Matheus Pichonelli e Tiago Varella

Colaboração para o TAB, de Artur Nogueira (SP)

14/10/2022 04h01

O burburinho da rua chegava até o balcão de Ariel Hereman, 60, proprietário de uma loja especializada em óleos e lubrificantes automotivos no centro de Artur Nogueira, município da região metropolitana de Campinas (SP). Ele saiu para ver o que acontecia e, da esquina, a cerca de 40 metros de sua casa, observou um homem de 71 anos com um facão de cabo escuro nas mãos, aos berros, ameaçando dois advogados que trabalhavam perto dali.

Carlos Eduardo Vallim de Castro, 63, já estava no seu escritório naquela manhã fria de quarta-feira, 28 de setembro, quando viu José Sabatini, seu antigo cliente, batendo e esmurrando o vidro do carro de seu filho, também advogado, na garagem.

"Seu bosta, seu filho da puta, sai do carro, eu vou cortar seu pescoço se você não retirar o que escreveu no processo", gritava o homem.
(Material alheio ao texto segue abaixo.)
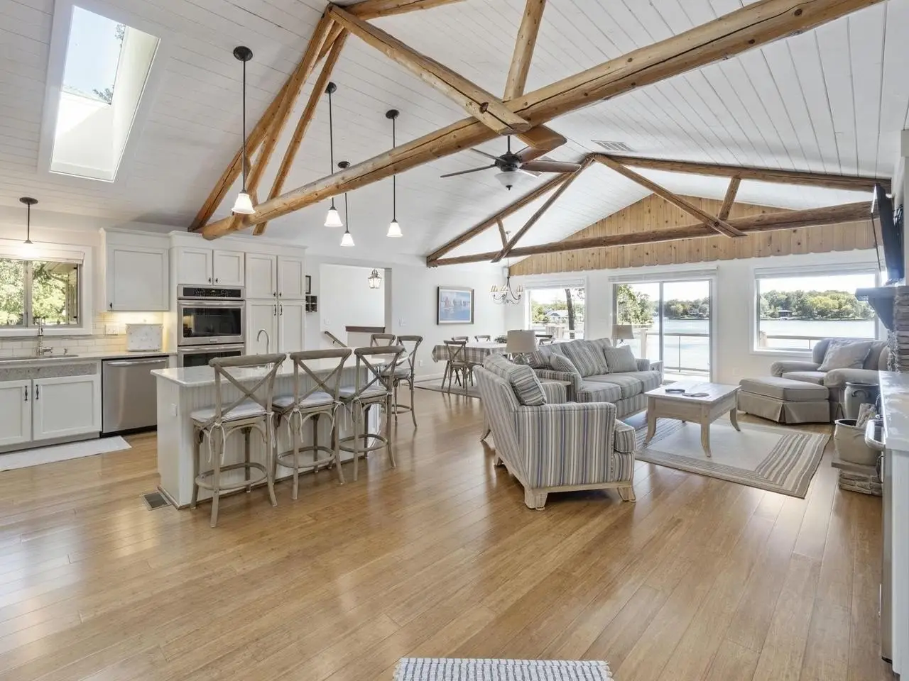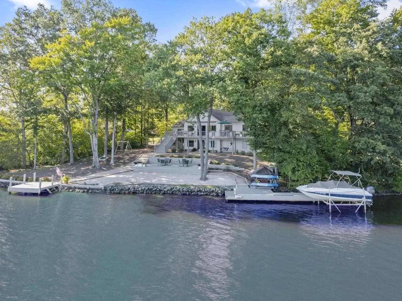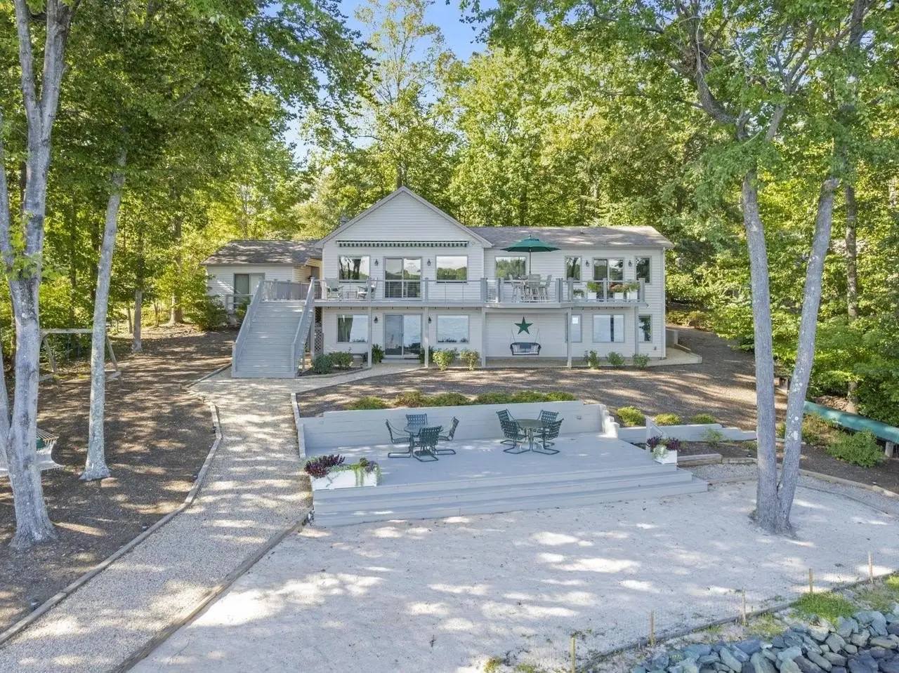 Exceptional lakefront living awaits with this beautifully remodeled and meticulously maintained residence, perfectly situated on 180 feet of pristine open water frontage. Designed for both elegance and enjoyment, the property offers breathtaking moonlit evenings from expansive outdoor living areas, including a spacious main deck, larger lower deck, and professionally landscaped grounds. The private waterfront features two docks, a boat lift, and a sandy beach ideal for recreation and gatherings. With its rare level lot, the walk to the water is effortless, enhancing both convenience and lifestyle. Inside, the home showcases thoughtful upgrades and tasteful finishes throughout, reflecting the highest standards of care and quality. Its prime location provides quick access to the main gate, clubhouse, beach, and playground?offering both privacy and proximity to community amenities. This distinguished property combines prestige, comfort, and unrivaled access to Lake Monticello?s most coveted open water setting.,Granite Counter,Fireplace in Great Room

O agressor se referia a uma decisão judicial, proferida na véspera. Vallim de Castro cobrava na Justiça os honorários de um processo em que o agressor tentava recuperar o controle de sua fábrica de motores hidráulicos. A firma é administrada por familiares desde que ele resolveu deixar o comando, dez anos atrás para, segundo amigos, descansar e pescar.

Como Logan Roy, o magnata interpretado por Brian Cox na série "Succession", da HBO, o patriarca não demoraria a se arrepender da decisão, o que motivou a ação judicial e detonou uma disputa familiar. Ele ganhou a causa e voltou à companhia, mas não pagou o advogado, que cobrou os honorários, com os juros e correções, na Justiça. Intimado a pagar, o ex-cliente recorreu da sentença com uma faca de 25 centímetros.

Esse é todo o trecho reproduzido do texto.